(por Suzana Guimarães) |
sexta-feira, 8 de abril de 2016
Um poema quase findo...
Trincou uma bombonière de cristal, ao longe. Leve som. Trincou o doce caramelado e também a porta antiga, essa, trincou no meu olhar, conjugou-se então um tempo verbal ainda desconhecido e eu me vi triste e submissa às horas quase mortas...
Trincaram os dentes da minha mãe, tantas e tantas vezes, e eu nunca pude ajudar, consolar ou amenizar... O tempo se foi e eu também tive meu sorriso trincado, entrincheirado na memória ardida. Trincou a maçã do amor - como era bela!
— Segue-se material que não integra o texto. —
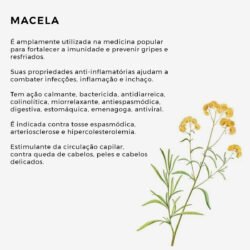 Macela: Fortalece a imunidade e prevene gripes e resfriados. Suas propriedades anti-inflamatórias ajudam a combater infecções, inflamação e inchaço. Tem ação calmante, bactericida, antidiarreica, colinolítica, miorrelaxante, antiespasmódica, digestiva, estomáquica, emenagoga, antiviral. É indicada contra tosse espasmódica, arteriosclerose e hipercolesterolemia. Estimulante da circulação capilar, contra queda de cabelos, peles e cabelos delicados.

Trincou o céu num tom bordô.
... enquanto isso tudo era lindo, a grama muito verde e úmida... e pássaros cantavam amorosamente, em calmaria, enquanto as flores da cerejeira cobriam-me em véu. Tudo tão perfeito e silencioso! E dentro de mim, o mundo trincava-se.
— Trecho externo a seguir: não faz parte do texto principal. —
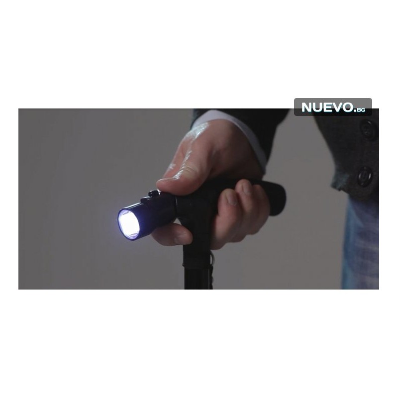 Дължината му се регулира, а меката му ергономична дръжка е снабдена с вградена LED светлина, която да осветява пътя Ви в тъмното. Най-накрая ще имате възможността да се движите безопасно и с увереност!
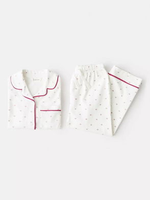 Sewn from a soft single jersey fabric, this two-piece pyjama is made of organic cotton. A crew-neck pyjama top with long sleeves, and trousers with elasticated waist. Ribbed cuffs at both sleeves and legs.
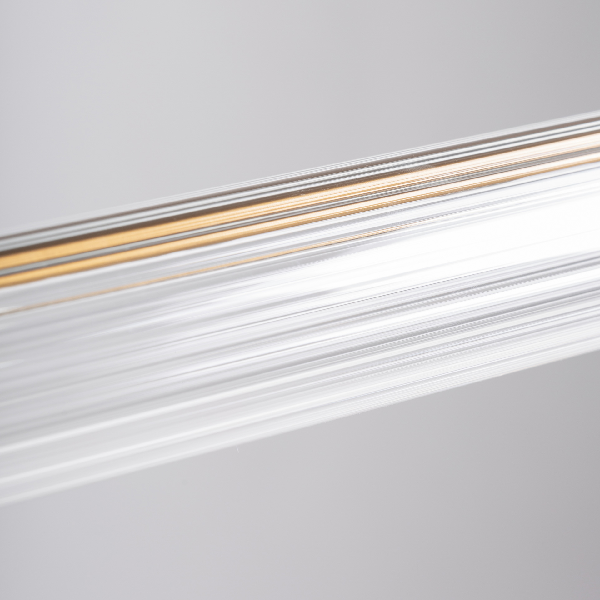 Lámpara de colgar Marlena de estilo art deco fabricado en cristal en color transparente con acabado ahumado combinado con aluminio en color bronce.
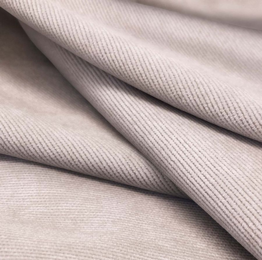 La tela base es una Pana Aterciopelada llamada Dublin, compuesta por 85% de poliéster, 12% de poliamida y 3% de elastano. Tiene un gramaje de 280 gr/m2 y un ancho de 150 cm. El color liso impreso es un rosa perla con un CMYK de 6 20 12 0. Este color tiene un tono suave y agradable, que evoca la delicadeza y la tranquilidad. Es un color muy versátil que combina fácilmente con otros colores, en particular con tonos neutros como el blanco, el beige y el gris.

As tábuas no chão tantas e tantas vezes encerado - e não mais, não mais! - fingiram trincarem-se enquanto eu as pisava... mas o som vinha do peito.
... enquanto isso tudo era lindo, as árvores tão verdes e frondosas... A menina corria feliz ao redor, respirando, sugando as flores todas que enfeitavam a casa... no chão, petúnias ainda vivas.
Embora trincadas todas as suas pétalas... embora a vida, embora o fogo, o mal e a bondade. Embora a enorme força de vontade.
O relógio trocou os lentos segundos pelo tempo do véu que despencou de mim, dentro da casa de tábuas corridas...
E toda noite, eu venho aqui para dizer sobre todas essas coisas, mas é sempre tarde.
E toda noite, eu venho aqui...
para estar novamente lá
Onde tudo ainda é lindo, verde no chão, azul ou alaranjado no céu que toda tarde arde em brasa...
embora eu ainda sinta o trincar do encontro.